The researchers have named the disorder Fragile X-associated Tremor/Ataxia Syndrome, or FXTAS.

Disorder often misdiagnosed

“FXTAS may be one of the most common causes of tremor and balance problems in the adult population, yet it is being misdiagnosed because neurologists who see adults with movement disorders are not aware that they need to look for a family history of fragile X in grandchildren or to check for carriers of the gene mutation,” said study co-author Dr. Randi Hagerman, medical director of UC-Davis’ MIND Institute.

The findings appear in Wednesday’s Journal of the American Medical Association.

The disorder affects some carriers of the same abnormal gene that causes fragile X syndrome in children, an inherited disease that usually involves retardation. About 1 in 800 men are fragile X carriers and at least 30 percent of them might have the tremor disorder, the researchers said.

Hagerman made the connection a few years ago after hearing repeated complaints from mothers of fragile X children about their own elderly fathers having neurological problems.

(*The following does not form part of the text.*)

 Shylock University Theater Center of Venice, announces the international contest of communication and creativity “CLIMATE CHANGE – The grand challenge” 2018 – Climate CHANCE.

Standard DNA blood tests can identify fragile X carriers and imaging tests can detect telltale changes in the brain that do not appear in other diseases, said Dr. Paul Hagerman, a UC-Davis professor of biological chemistry, Hagerman’s husband and the study’s senior author.

About 1 in about 250 women are carriers, but Paul Hagerman said it is unclear how many of them have the disorder because few women carriers who were studied had symptoms.

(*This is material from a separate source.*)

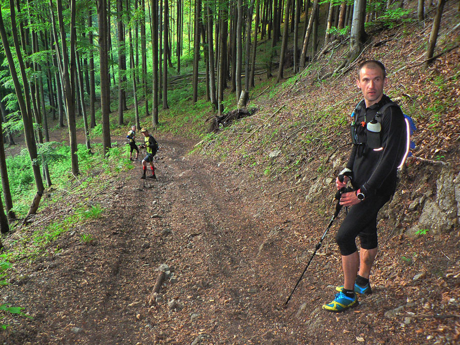 Na Bradle len čumím, že beriem nálepku prvý. Kde je vedúca trojka? Aj keď kontrolóri spomínali, že tí tiež chceli na Rudne zakempovať... Lenže ani cestou nazad dole nestretám nikoho, tak už tuším, že asi zaútočili na K5 z opačnej strany. Tak sa až do cieľa obzerám, či ma dáki ultrachrti ako Roman B. alebo Patrik H. nedobiehajú. Lebo od únavy zakopávam už aj o vlastný tieň a cieľová rovinka (takých 10km hehe) je prevažne môj obľúbený rozhicovaný asfalt. Keby aspoň z kopca!!!
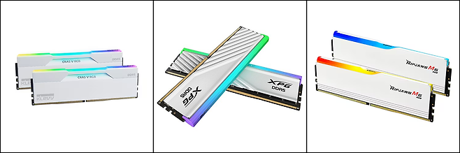 예쁘죠? 요즘 각 브랜드의 화이트 튜닝램 디자인 수준이 완전히 물이 올랐습니다. 셋 다 인기순위 상위권에 있는 제품들이며 XMP(인텔) / EXPO(AMD)를 지원하는 DDR5 6,000MHz CL30 스펙입니다.

The UC-Davis-led research involved 192 California adults ages 50 and over who were relatives of children with fragile X. Participants included 99 male and female fragile X carriers and 93 members of a comparison group.

More common in men

Overall, 30 percent of the male carriers studied had the late-onset disorder. It became increasingly prevalent among older men and was found in 75 percent of male carriers in their 80s.

In fragile X syndrome, the body makes insufficient amounts of a protein necessary for normal neural cell function. By contrast, FXTAS is believed to be caused by abnormal amounts of genetic material that accumulates in the brain in an attempt to make enough of that protein, said study co-author Dr. Elizabeth Berry-Kravis, a pediatric neurologist at Chicago’s Rush University Medical Center.

Fragile X syndrome in children was identified some 50 years ago and is believed to affect about 1 in 3,700 boys and 1 in 8,000 girls.

Carriers of the abnormal gene had been thought to be unaffected until the Hagermans’ discovery, said Dr. Walter Kaufmann, director of the Fragile X Syndrome Research Program at Kennedy Krieger Institute in Baltimore.

“The real magnitude and impact had not been known until this paper,” Kaufmann said.